- Goal of the exercise:
For this exercise, return exactly the lines of the material below that begin at the one with "2023年5月6日,湖北省黄" and stop after the one with "Console.WriteL".

- Dataset:
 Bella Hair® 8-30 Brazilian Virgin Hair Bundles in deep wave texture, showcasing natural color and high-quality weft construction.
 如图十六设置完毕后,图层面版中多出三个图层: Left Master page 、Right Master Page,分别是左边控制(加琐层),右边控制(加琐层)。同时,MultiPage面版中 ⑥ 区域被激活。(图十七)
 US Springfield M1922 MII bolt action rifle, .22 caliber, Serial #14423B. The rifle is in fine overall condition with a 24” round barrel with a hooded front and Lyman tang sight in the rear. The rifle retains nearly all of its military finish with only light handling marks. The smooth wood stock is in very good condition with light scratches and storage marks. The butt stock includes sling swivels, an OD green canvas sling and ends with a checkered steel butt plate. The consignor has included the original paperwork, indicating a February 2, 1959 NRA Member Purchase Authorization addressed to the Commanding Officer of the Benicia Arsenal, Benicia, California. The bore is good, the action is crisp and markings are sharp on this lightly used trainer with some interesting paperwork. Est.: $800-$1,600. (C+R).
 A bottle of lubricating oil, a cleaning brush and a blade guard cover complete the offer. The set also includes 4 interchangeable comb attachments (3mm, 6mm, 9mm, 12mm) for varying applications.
* * *
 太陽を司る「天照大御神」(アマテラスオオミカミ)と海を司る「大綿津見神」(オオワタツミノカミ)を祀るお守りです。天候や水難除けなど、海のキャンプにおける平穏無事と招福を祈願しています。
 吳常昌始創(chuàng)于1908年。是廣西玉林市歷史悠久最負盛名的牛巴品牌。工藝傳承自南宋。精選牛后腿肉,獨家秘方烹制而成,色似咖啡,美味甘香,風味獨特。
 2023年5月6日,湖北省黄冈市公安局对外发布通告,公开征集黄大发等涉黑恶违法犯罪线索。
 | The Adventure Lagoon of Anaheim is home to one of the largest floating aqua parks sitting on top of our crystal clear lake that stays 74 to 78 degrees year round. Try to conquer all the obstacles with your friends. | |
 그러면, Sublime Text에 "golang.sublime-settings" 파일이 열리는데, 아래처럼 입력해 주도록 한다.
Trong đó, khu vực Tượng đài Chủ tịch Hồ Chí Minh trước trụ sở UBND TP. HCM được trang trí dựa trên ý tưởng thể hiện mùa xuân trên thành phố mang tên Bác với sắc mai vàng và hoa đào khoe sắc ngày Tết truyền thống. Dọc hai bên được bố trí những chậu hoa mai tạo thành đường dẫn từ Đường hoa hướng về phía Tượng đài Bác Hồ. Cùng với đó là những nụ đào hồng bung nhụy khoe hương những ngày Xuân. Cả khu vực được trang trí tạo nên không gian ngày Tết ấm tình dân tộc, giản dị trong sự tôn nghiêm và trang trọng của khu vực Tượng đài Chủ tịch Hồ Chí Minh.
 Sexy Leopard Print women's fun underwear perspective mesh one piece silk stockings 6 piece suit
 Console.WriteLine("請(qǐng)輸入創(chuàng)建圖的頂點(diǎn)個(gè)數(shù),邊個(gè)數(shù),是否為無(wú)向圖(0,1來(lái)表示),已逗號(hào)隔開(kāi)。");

- Response area:
 2023年5月6日,湖北省黄冈市公安局对外发布通告,公开征集黄大发等涉黑恶违法犯罪线索。
 | The Adventure Lagoon of Anaheim is home to one of the largest floating aqua parks sitting on top of our crystal clear lake that stays 74 to 78 degrees year round. Try to conquer all the obstacles with your friends. | |
 그러면, Sublime Text에 "golang.sublime-settings" 파일이 열리는데, 아래처럼 입력해 주도록 한다.
Trong đó, khu vực Tượng đài Chủ tịch Hồ Chí Minh trước trụ sở UBND TP. HCM được trang trí dựa trên ý tưởng thể hiện mùa xuân trên thành phố mang tên Bác với sắc mai vàng và hoa đào khoe sắc ngày Tết truyền thống. Dọc hai bên được bố trí những chậu hoa mai tạo thành đường dẫn từ Đường hoa hướng về phía Tượng đài Bác Hồ. Cùng với đó là những nụ đào hồng bung nhụy khoe hương những ngày Xuân. Cả khu vực được trang trí tạo nên không gian ngày Tết ấm tình dân tộc, giản dị trong sự tôn nghiêm và trang trọng của khu vực Tượng đài Chủ tịch Hồ Chí Minh.
 Sexy Leopard Print women's fun underwear perspective mesh one piece silk stockings 6 piece suit
 Console.WriteLine("請(qǐng)輸入創(chuàng)建圖的頂點(diǎn)個(gè)數(shù),邊個(gè)數(shù),是否為無(wú)向圖(0,1來(lái)表示),已逗號(hào)隔開(kāi)。");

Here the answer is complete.